Прищурив глаза, я шагнул под дерево — хоть какая-то тень.
— И что… со мной будет?
— Загоним тебе кол в грудь, отрубим голову и вырежем сердце.
— Сердце?
— Да ладно, я пошутил, — сжалился шеф. — Просто кремируем. Так намного чище.
В глазах помутилось. Небо потемнело, сделалось пурпурным и тяжелым, как ватное одеяло. Сквозь него вновь проступили желтые пламенники, и паря перед лицом, они звали, манили…

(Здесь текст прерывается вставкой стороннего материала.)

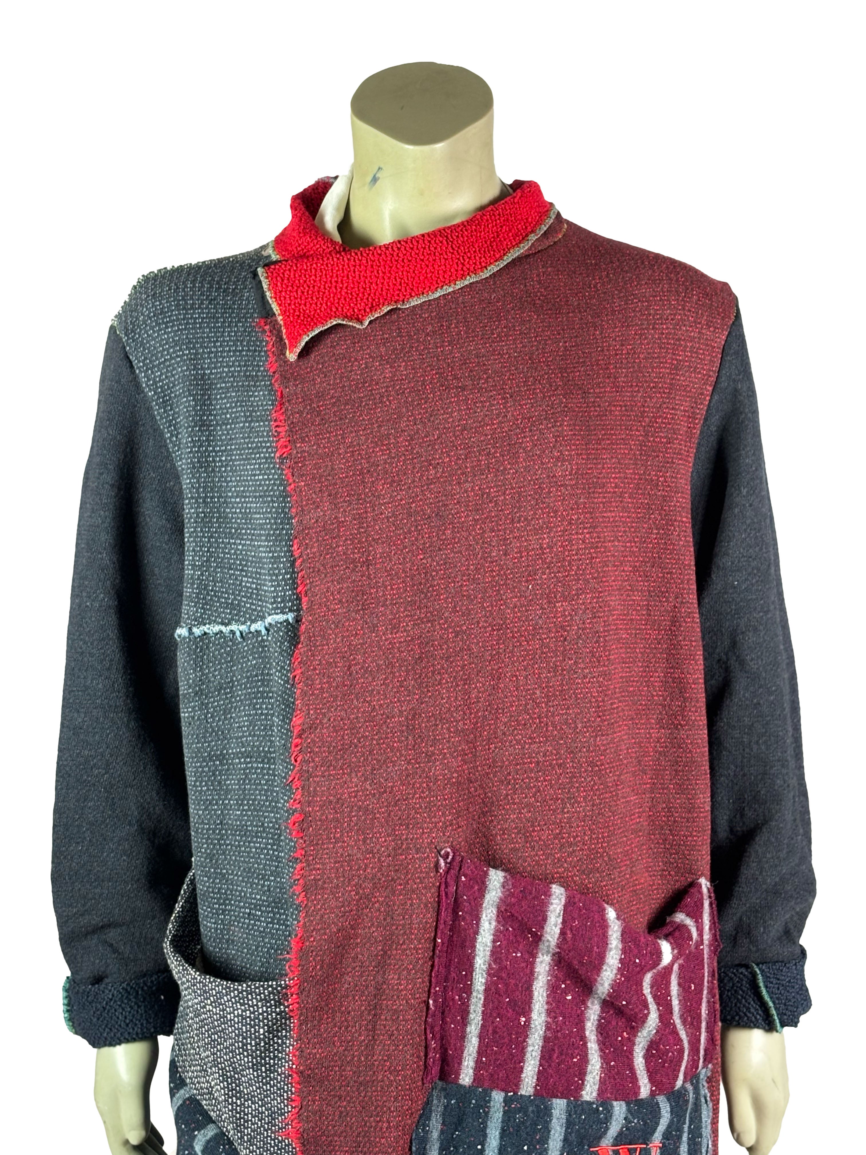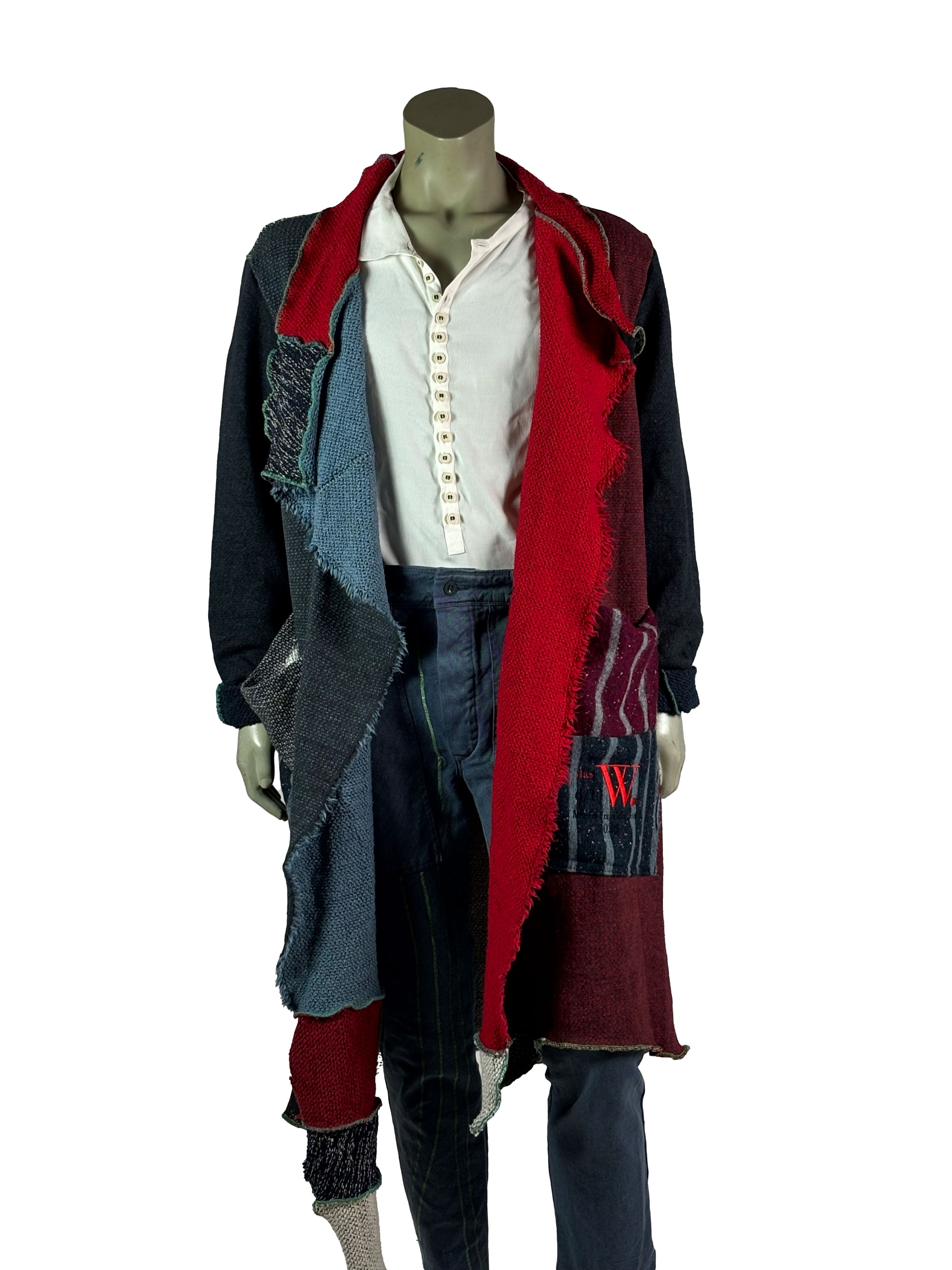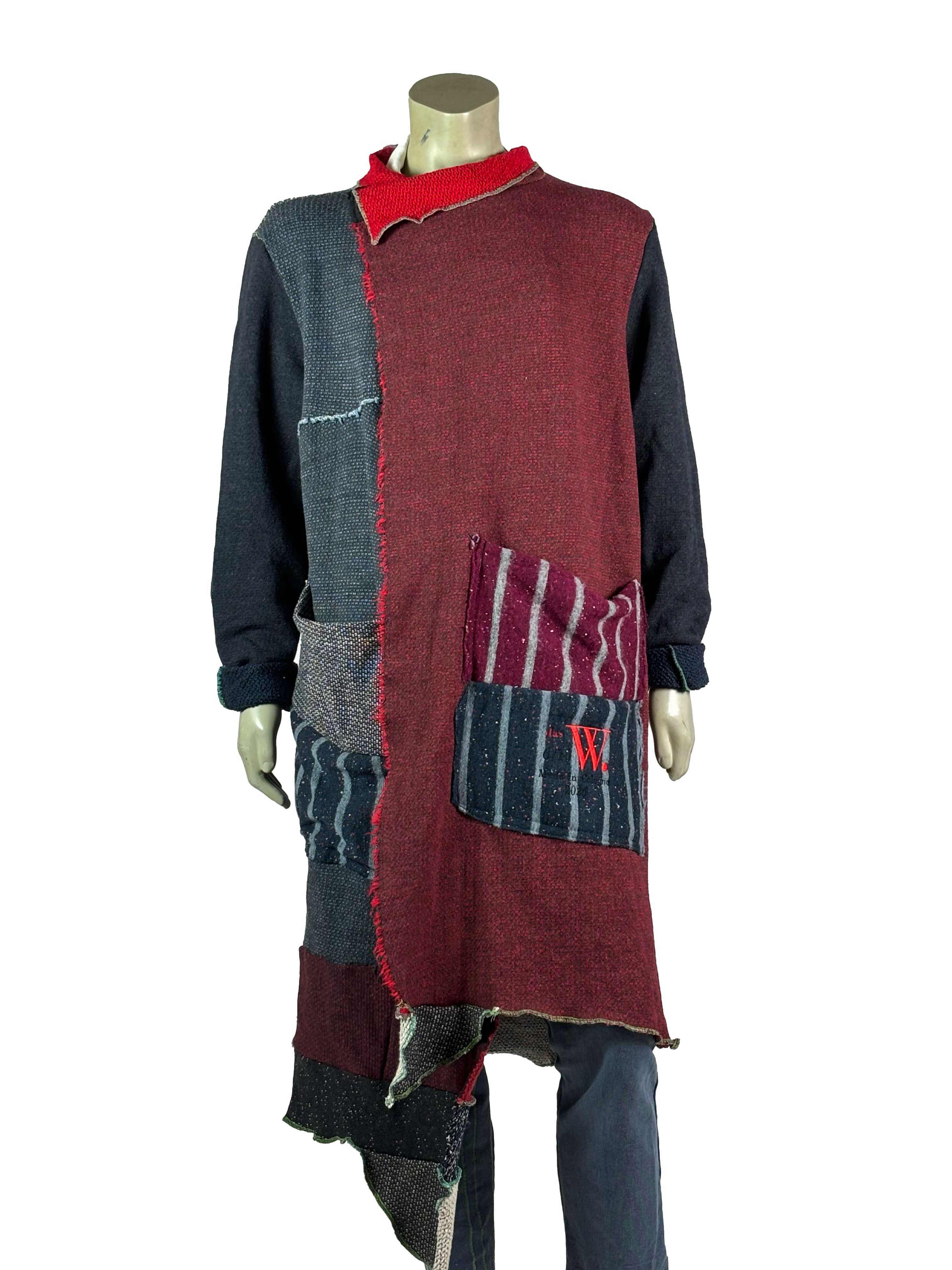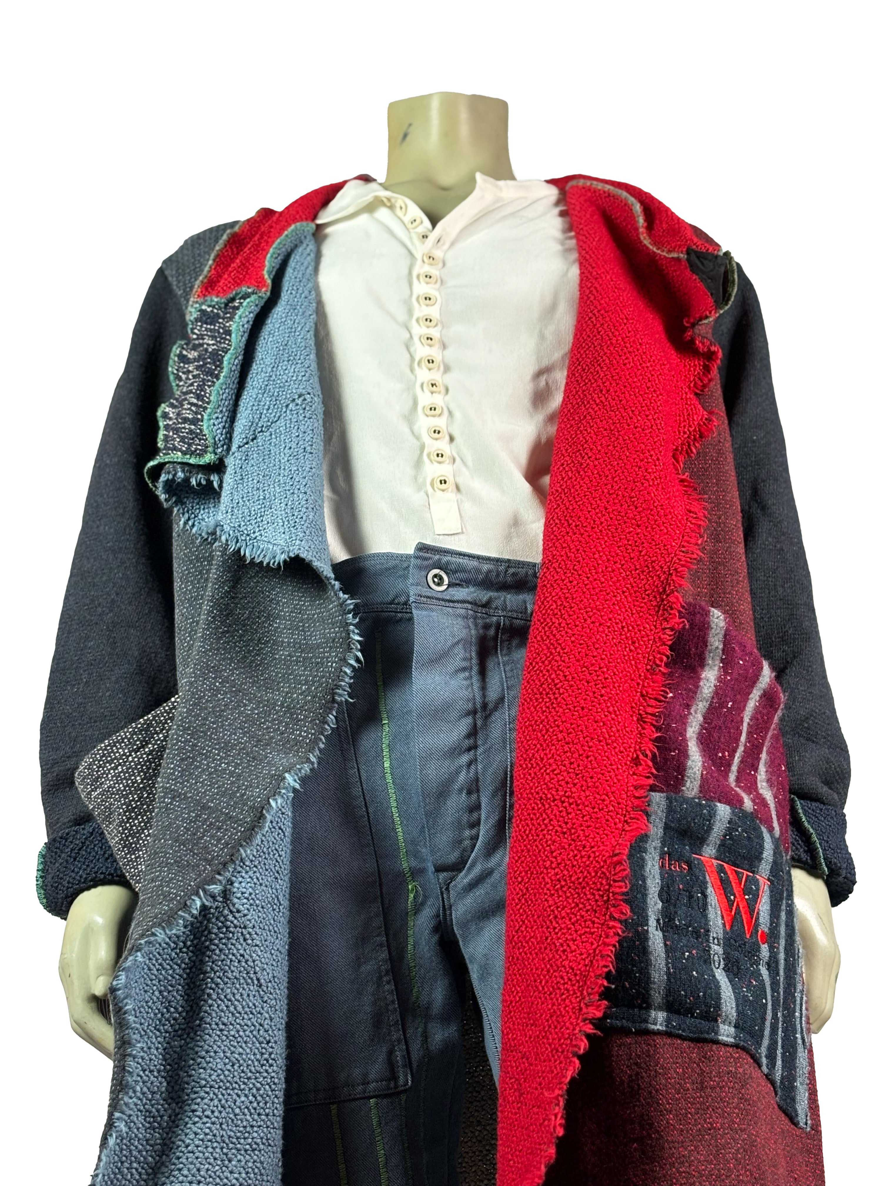 This handcrafted unisex cape from Cologne, Germany is part of a limited 1-of-10 series. Each piece is created through a carefully assembled mix of different fabrics, brought together in a handcrafted process that emphasizes material contrast and construction. Variations in texture, weight and surface are intentionally preserved, resulting in a one-of-a-kind garment with a sculptural, oversized silhouette and a cohesive visual language across the collection.
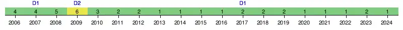 | 1978 | 2e | 7e | 41 | 38 | 11 | 19 | 8 | 38 | 37 | +1 | 32es de finale |

— Смирно, кадет! — небо прояснилось. — Не отключайся. На вот, пососи конфетку, — шеф протянул мне леденец. Зелёный, мутный, с прилипшими табачными крошками. — Бери, не стесняйся, — он чуть не насильно запихнул леденец
мне в рот.В нёбо ударила волна свежести. Чистая и холодная, как сосулька, она пронзила мозг, проколов остриём седьмую чакру Сахасрару, которая, как верят индийцы, находится на макушке…
— Полегчало? — в отличие от бодрого тона, глаза шефа полнились тревогой.
— Спасибо. Да, — я было замолчал, но всё же не выдержал: — Мириам говорила, от вампиризма есть лекарство.
— Для того, что может предложить Гиллель, уже поздно, — вздохнул Алекс. — Часа три-четыре назад — возможно. Но не сейчас.
— И… Сколько у меня времени?
— Чуть меньше семидесяти часов. Почти трое суток.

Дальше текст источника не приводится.